*Data excerpts*.
##########

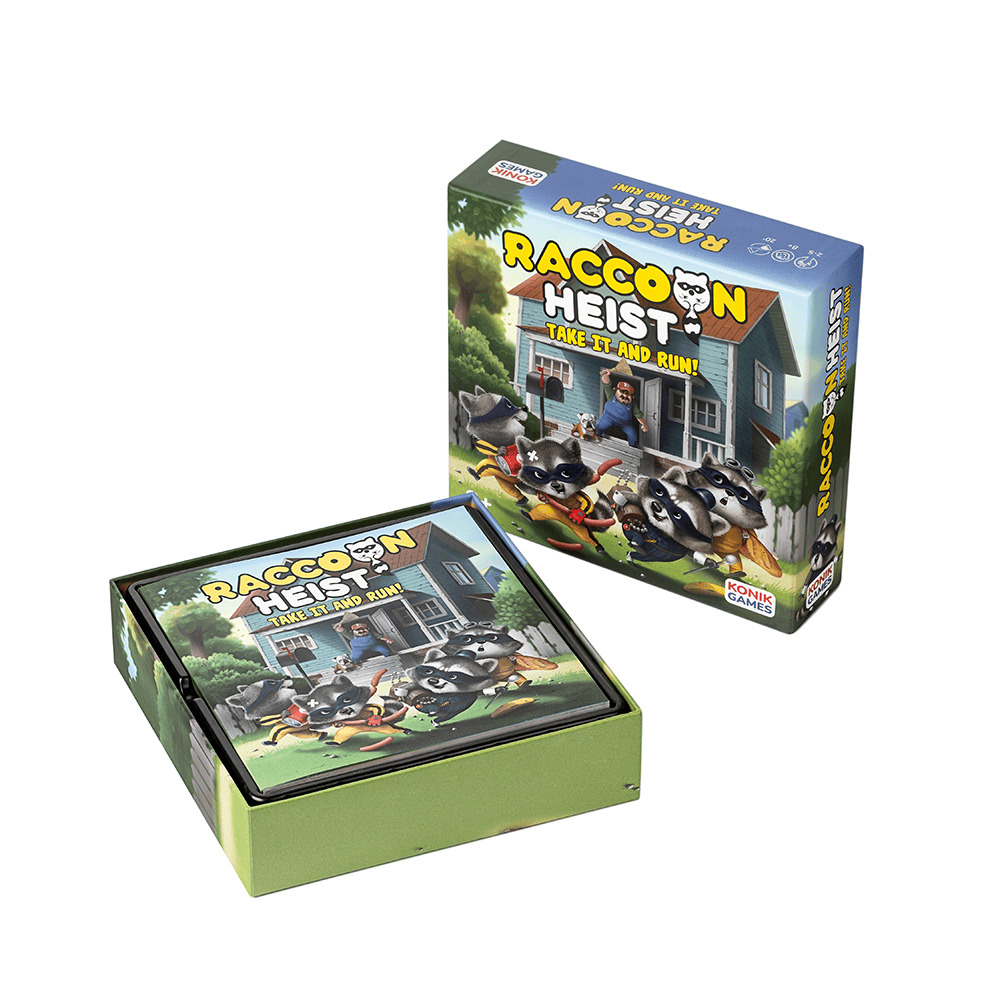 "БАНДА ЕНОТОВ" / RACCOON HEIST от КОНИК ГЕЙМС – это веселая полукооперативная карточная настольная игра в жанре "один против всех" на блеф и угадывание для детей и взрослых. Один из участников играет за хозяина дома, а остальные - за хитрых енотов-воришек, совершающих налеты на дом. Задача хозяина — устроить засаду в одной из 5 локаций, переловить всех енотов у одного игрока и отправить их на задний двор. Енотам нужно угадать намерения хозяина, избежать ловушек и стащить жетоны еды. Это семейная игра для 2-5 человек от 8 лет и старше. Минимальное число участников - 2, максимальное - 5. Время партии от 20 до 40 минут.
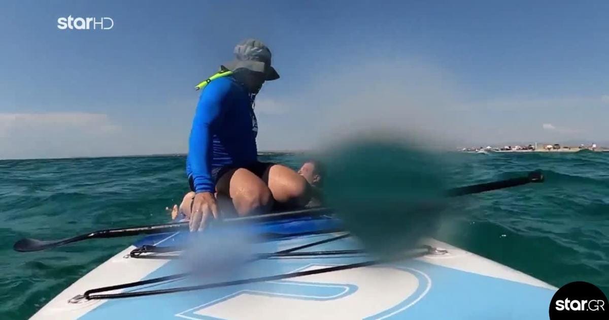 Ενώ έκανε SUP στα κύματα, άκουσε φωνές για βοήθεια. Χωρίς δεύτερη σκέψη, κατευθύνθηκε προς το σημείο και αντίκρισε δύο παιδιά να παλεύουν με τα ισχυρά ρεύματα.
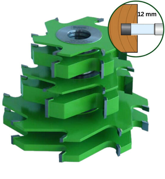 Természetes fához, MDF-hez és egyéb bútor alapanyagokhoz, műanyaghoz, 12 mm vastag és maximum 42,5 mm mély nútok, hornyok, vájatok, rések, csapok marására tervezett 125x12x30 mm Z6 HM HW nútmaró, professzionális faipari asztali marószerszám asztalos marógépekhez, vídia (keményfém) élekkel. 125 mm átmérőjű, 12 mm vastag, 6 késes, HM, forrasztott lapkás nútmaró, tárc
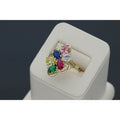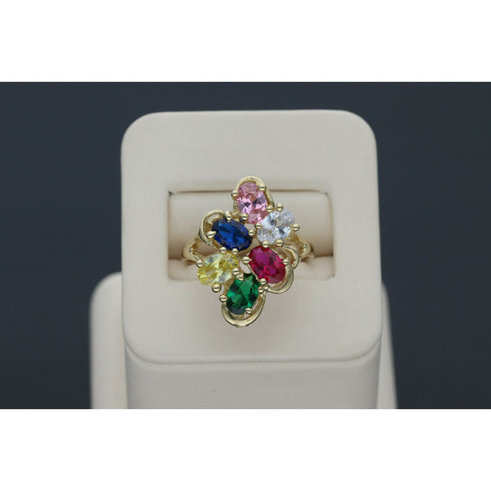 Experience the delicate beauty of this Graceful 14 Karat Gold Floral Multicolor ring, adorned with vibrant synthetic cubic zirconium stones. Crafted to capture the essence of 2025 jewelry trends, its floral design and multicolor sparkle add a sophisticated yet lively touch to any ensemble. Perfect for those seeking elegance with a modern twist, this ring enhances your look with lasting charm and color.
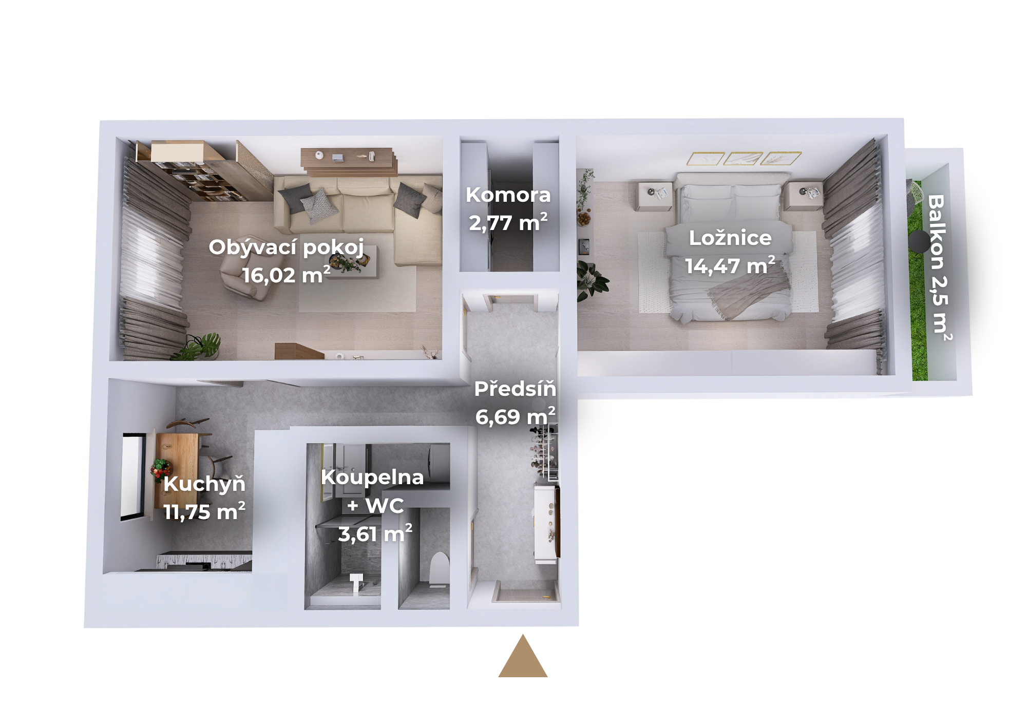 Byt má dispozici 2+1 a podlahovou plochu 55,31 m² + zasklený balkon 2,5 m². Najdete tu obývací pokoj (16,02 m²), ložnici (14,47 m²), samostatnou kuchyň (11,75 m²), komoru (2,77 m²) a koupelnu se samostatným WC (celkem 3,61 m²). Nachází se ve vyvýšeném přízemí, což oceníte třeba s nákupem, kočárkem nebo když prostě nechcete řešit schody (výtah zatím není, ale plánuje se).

##########

*REQUIRED WORK*. This exercise asks for an exact copy of the lines from the first one in the data through the line that contains "Experience the delicate", pictures excluded.

*RESPONSE TO THE TASK*.
 "БАНДА ЕНОТОВ" / RACCOON HEIST от КОНИК ГЕЙМС – это веселая полукооперативная карточная настольная игра в жанре "один против всех" на блеф и угадывание для детей и взрослых. Один из участников играет за хозяина дома, а остальные - за хитрых енотов-воришек, совершающих налеты на дом. Задача хозяина — устроить засаду в одной из 5 локаций, переловить всех енотов у одного игрока и отправить их на задний двор. Енотам нужно угадать намерения хозяина, избежать ловушек и стащить жетоны еды. Это семейная игра для 2-5 человек от 8 лет и старше. Минимальное число участников - 2, максимальное - 5. Время партии от 20 до 40 минут.
 Ενώ έκανε SUP στα κύματα, άκουσε φωνές για βοήθεια. Χωρίς δεύτερη σκέψη, κατευθύνθηκε προς το σημείο και αντίκρισε δύο παιδιά να παλεύουν με τα ισχυρά ρεύματα.
 Természetes fához, MDF-hez és egyéb bútor alapanyagokhoz, műanyaghoz, 12 mm vastag és maximum 42,5 mm mély nútok, hornyok, vájatok, rések, csapok marására tervezett 125x12x30 mm Z6 HM HW nútmaró, professzionális faipari asztali marószerszám asztalos marógépekhez, vídia (keményfém) élekkel. 125 mm átmérőjű, 12 mm vastag, 6 késes, HM, forrasztott lapkás nútmaró, tárc
 Experience the delicate beauty of this Graceful 14 Karat Gold Floral Multicolor ring, adorned with vibrant synthetic cubic zirconium stones. Crafted to capture the essence of 2025 jewelry trends, its floral design and multicolor sparkle add a sophisticated yet lively touch to any ensemble. Perfect for those seeking elegance with a modern twist, this ring enhances your look with lasting charm and color.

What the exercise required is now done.